> _Materials provided_
===============

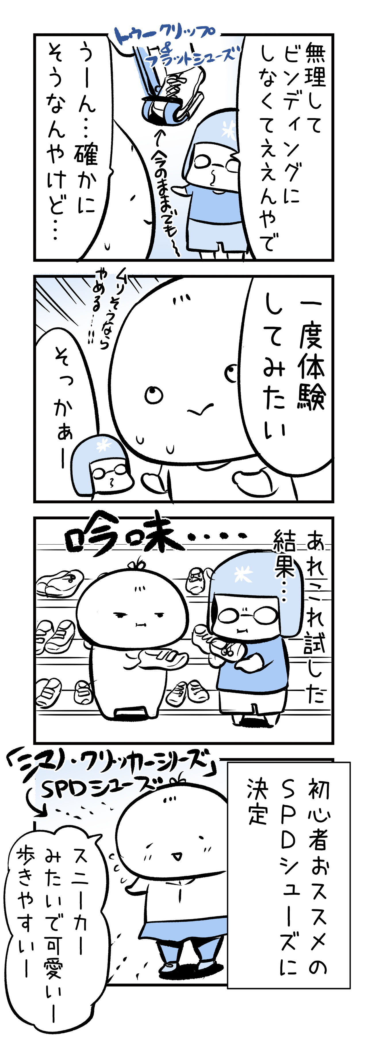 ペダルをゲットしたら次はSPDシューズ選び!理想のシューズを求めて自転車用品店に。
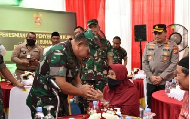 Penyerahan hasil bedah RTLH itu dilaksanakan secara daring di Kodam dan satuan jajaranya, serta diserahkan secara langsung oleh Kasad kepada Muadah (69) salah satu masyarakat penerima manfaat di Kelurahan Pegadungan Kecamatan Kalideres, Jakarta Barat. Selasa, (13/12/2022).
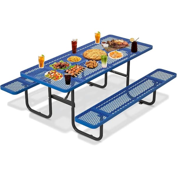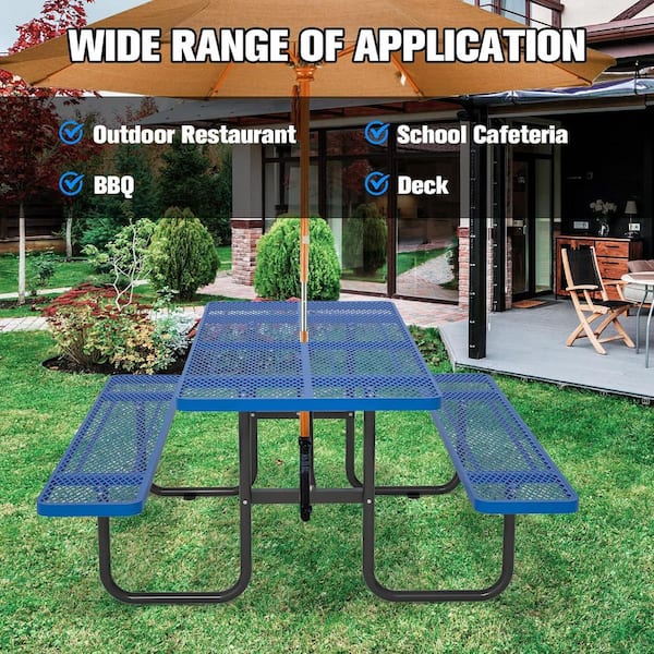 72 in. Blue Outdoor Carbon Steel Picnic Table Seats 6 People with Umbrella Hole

===============

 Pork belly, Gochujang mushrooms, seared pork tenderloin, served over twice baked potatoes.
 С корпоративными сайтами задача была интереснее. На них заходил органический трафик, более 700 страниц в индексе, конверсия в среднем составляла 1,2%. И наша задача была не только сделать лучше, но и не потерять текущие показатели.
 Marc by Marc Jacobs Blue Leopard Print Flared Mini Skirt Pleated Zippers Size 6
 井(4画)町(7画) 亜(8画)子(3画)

===============

> _Work request_
Your task for the entries above: copy exactly the span starting with the line with "Pork belly, Gochujang" and going on through the line with "井(4画)町(7画) 亜(8画)子(3画)", both lines included, and nothing else.

> _Answer section_
 Pork belly, Gochujang mushrooms, seared pork tenderloin, served over twice baked potatoes.
 С корпоративными сайтами задача была интереснее. На них заходил органический трафик, более 700 страниц в индексе, конверсия в среднем составляла 1,2%. И наша задача была не только сделать лучше, но и не потерять текущие показатели.
 Marc by Marc Jacobs Blue Leopard Print Flared Mini Skirt Pleated Zippers Size 6
 井(4画)町(7画) 亜(8画)子(3画)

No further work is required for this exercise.